Selama pada habitat tersebut tumbuh inang rafflesia yaitu liana tetrastigma
(familiVitaceae) terdapat kemungkinan rafflesia dapat dijumpai di situ.
Selain keberadaan inang, faktor kecocokan klimat, seperti kelembaban merupakan
faktor penting tumbuhnya rafflesia. Beberapa peneliti menduga musang dan
beberapa serangga tertentu turut dalam menyebarluaskan biji parasit rafflesia.

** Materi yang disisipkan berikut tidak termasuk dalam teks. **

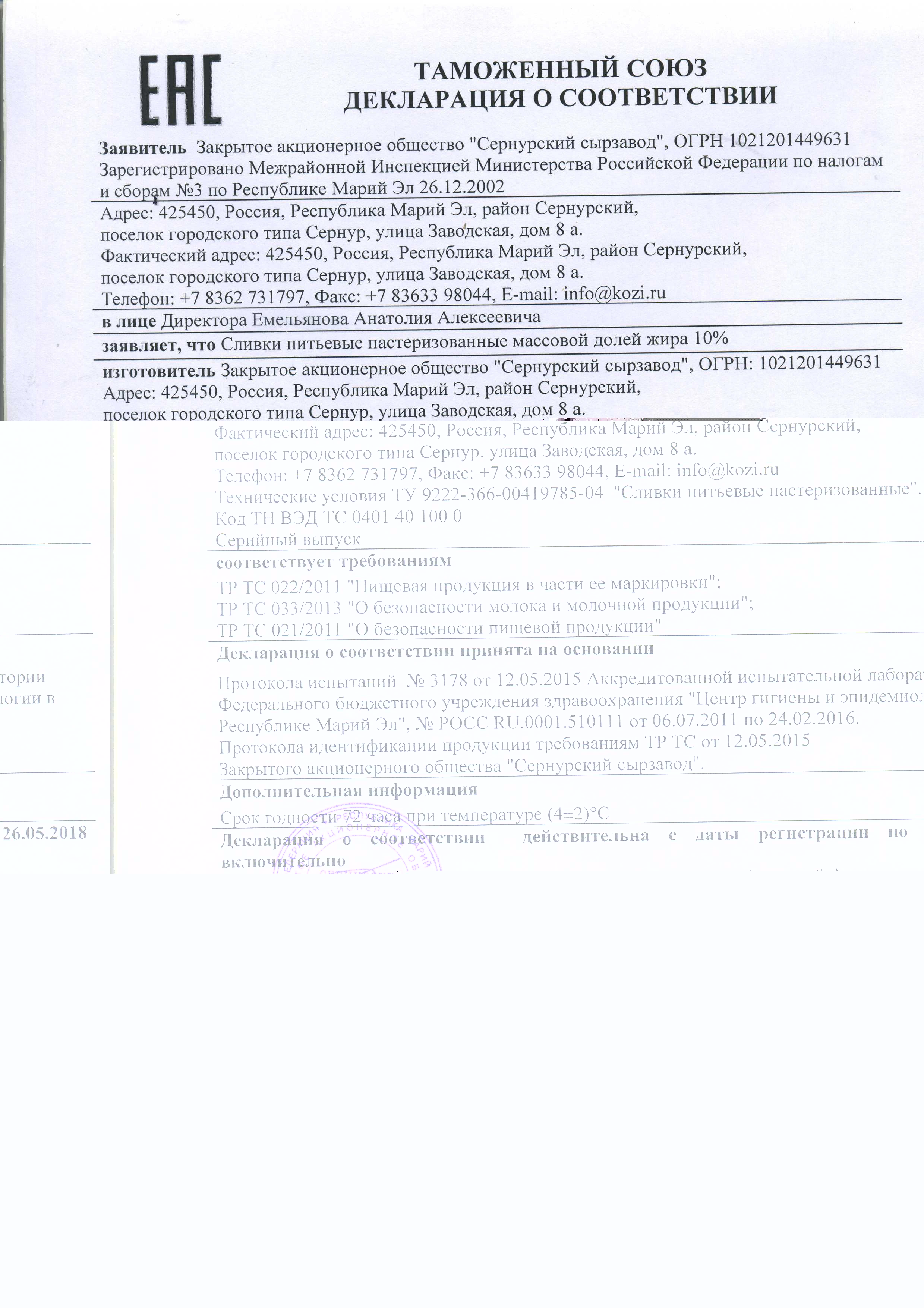 Срок годности: 72 часа

6. Sir Stamford Raffles adalah Penemu Rafflesia
Meskipun secara ilmiah seluruh genus patma raksasa diberi nama rafflesia
(terambil dari nama Raffles), faktanya Gubernur Jendral Sir Thomas Stamford
Raffles bukanlah penemu rafflesia. Bunga rafflesia terbesar di dunia
yaitu Rafflesia arnoldii ditemukan pada tahun 1818 oleh seorang pemandu yang
bekerja pada Dr. Joseph Arnold, seorang peneliti yang saat itu sedang melakukan
penelitian di hutan Bengkulu.
Arnold yang bekerja untuk sebuah tim ekspedisi di bawah Raffles kemudian
melaporkan temuan ini kepada atasannya.
Nama ilmiah Rafflesia
arnoldiimerupakan gabungan dari nama Thomas Stamford Raffles sebagai
pemimpin ekspedisi dan Josep Arnold sebagai penemu bunga.

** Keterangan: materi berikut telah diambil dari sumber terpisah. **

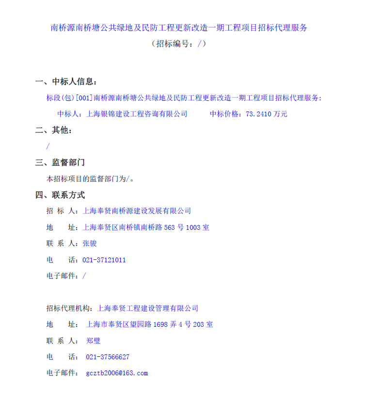 南橋源南橋塘公共綠地及民防工程更新改造一期工程項(xiàng)目招標(biāo)代理服務(wù)中標(biāo)公示

Sejak saat itu nama Raffles menjadi atribut lestari yang melekat sebagai nama
genus ilmiah dari tumbuhan patma raksasa yang hanya dapat dijumpai di kawasan
hutan-hutan di Asia Tenggara.
7. Rafflesia sudah dapat dikembangbiakan di luar habitatnya
Hingga saat ini rafflesia belum dapat dibudidayakan dan dikembangkan di luar
habitat alaminya. Meski demikian penelitian yang dilakukan oleh Sofi
Mursidawati dan timnya dari LIPI telah berhasil menumbuhkan bunga Rafflesia
patma di Kebun Raya Bogor. Teknik ini dikenal dengan nama grafting atau
penyambungan akar inang rafflesia yaitu tetrastigma.

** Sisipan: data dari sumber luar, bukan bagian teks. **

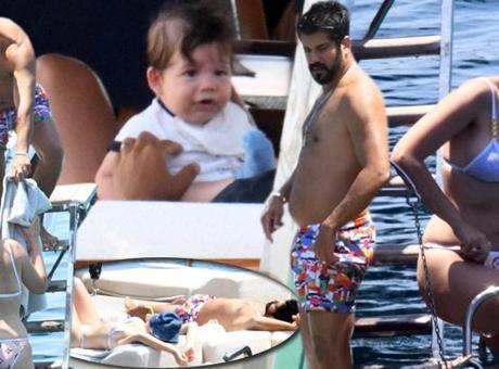 Eşinin ardından teknenin arka kısmından kendisini serin sulara bırakan Burak Özçivit’in göbekli hali objektiflere böyle yansıdı.

Sebelumnya para peneliti telah memperkirakan akar tumbuhan tetrastigma yang
memiliki probabilitas terinfeksi biji parasit rafflesia, kemudian memotongnya dan
menyambungkannya dengan tetrastigma lain yang telah ada di Kebun Raya
Bogor. Dibutuhkan waktu hingga 6 tahun hingga R. patma tersebut berbunga
pertama kalinya di Kebun Raya Bogor pada tahun 2010. Keberhasilan ini
merupakan yang pertama di dunia.
Meskipun telah berhasil dibungakan di luar habitat alaminya, para peneliti melihat
hilangnya habitat alami rafflesia akan berakibat musnahnya tumbuhan unik ini.
Masih banyak misteri yang perlu dikaji tentang rafflesia.